[Data extracted from a collection]
------------------------------------

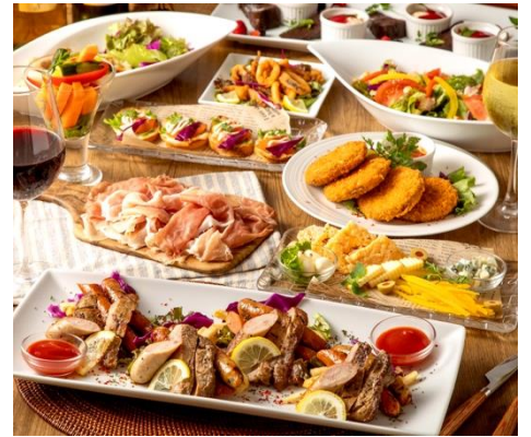
パーティーコース〈飲み放題付き〉 4,000円～
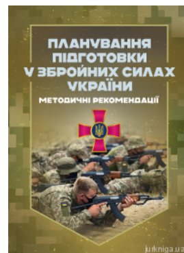
Планування підготовки у Збройних Силах України
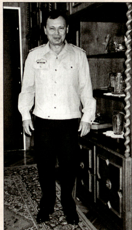
Generalmajor Imre Balogh, Kommandant der ungarischen Luftwaffe, Veszprém, Ungarn.

Es bestehen weitere Beispiele für die Ausnützung Ungarns durch die USA. So könnten die bescheidenen finanziellen Mittel, über die Ungarn für seine Streitkräfte verfügt, für den Erwerb amerikanischer Waffen besser verwendet werden. Zum Beispiel könnte sich Ungarn an der Entwicklung und Indienststellung des
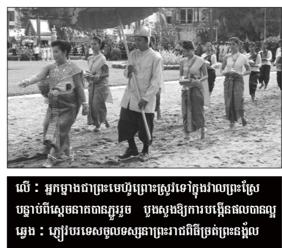
លើ : អ្នកម្នាងជាព្រះមេហ្វិព្រោះស្រូវទៅក្នុងវាលព្រះស្រែ បន្ទាប់ពីស្តេចនាគបានក្លាយរួច បូងសូងឱ្យការបង្កើនផលបានល្អ ឆ្វេង : ស្រូវបរទេសចូលទស្សនាព្រះរាជពិធីច្រត់ព្រះនង្គ័ល
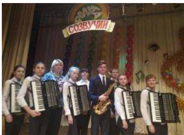
IV starptautiskajā ansambļu mūzikas festivālā “Raduga sozvučij” Šarkovščinā, Baltkrievijā
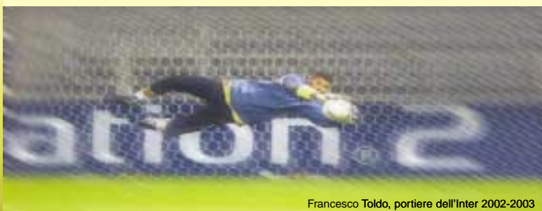
Francesco Toldo, portiere dell'Inter 2002-2003

SISTEMI INFORMATICI WEB SOLUTIONS FAX FOTOCOPIATORI
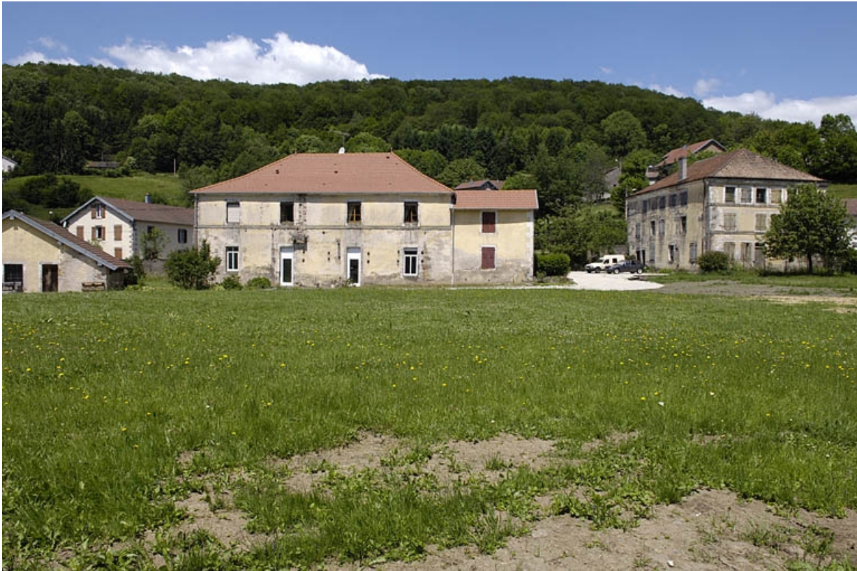
Vue des bâtiments de la papeterie depuis le sud.

70, Saint-Bresson, lieudit : les Maires d'Avaux
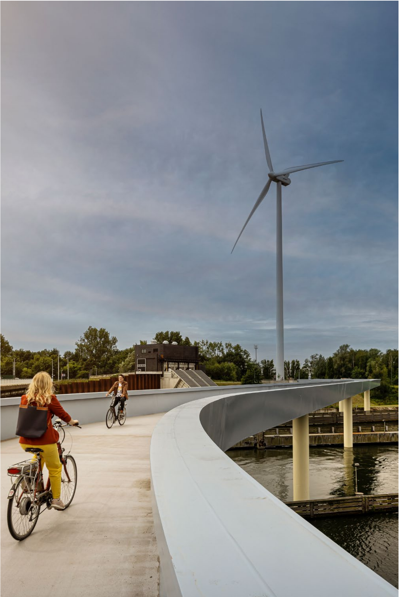
2023 - Weerbaar. Waakzaam. Wendbaar.
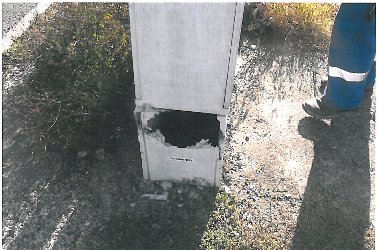
4. ábra megrongált szívóponthi szekrény
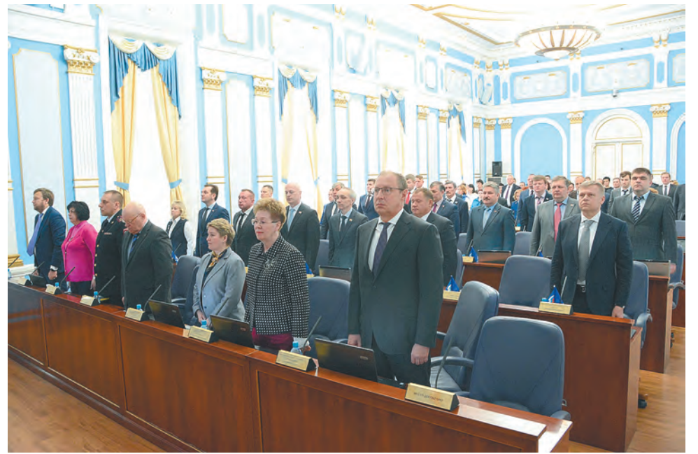
Пермская городская дума

«Надеюсь, что в итоге у нас получится логичный документ, который будет полностью отражать развитие

------------------------------------

> **Task requirements**: Keep the pictures out and write out the records exactly.

> **Expected output**:
パーティーコース〈飲み放題付き〉 4,000円～
Планування підготовки у Збройних Силах України
Generalmajor Imre Balogh, Kommandant der ungarischen Luftwaffe, Veszprém, Ungarn.

Es bestehen weitere Beispiele für die Ausnützung Ungarns durch die USA. So könnten die bescheidenen finanziellen Mittel, über die Ungarn für seine Streitkräfte verfügt, für den Erwerb amerikanischer Waffen besser verwendet werden. Zum Beispiel könnte sich Ungarn an der Entwicklung und Indienststellung des
លើ : អ្នកម្នាងជាព្រះមេហ្វិព្រោះស្រូវទៅក្នុងវាលព្រះស្រែ បន្ទាប់ពីស្តេចនាគបានក្លាយរួច បូងសូងឱ្យការបង្កើនផលបានល្អ ឆ្វេង : ស្រូវបរទេសចូលទស្សនាព្រះរាជពិធីច្រត់ព្រះនង្គ័ល
IV starptautiskajā ansambļu mūzikas festivālā “Raduga sozvučij” Šarkovščinā, Baltkrievijā
Francesco Toldo, portiere dell'Inter 2002-2003

SISTEMI INFORMATICI WEB SOLUTIONS FAX FOTOCOPIATORI
Vue des bâtiments de la papeterie depuis le sud.

70, Saint-Bresson, lieudit : les Maires d'Avaux
2023 - Weerbaar. Waakzaam. Wendbaar.
4. ábra megrongált szívóponthi szekrény
Пермская городская дума

«Надеюсь, что в итоге у нас получится логичный документ, который будет полностью отражать развитие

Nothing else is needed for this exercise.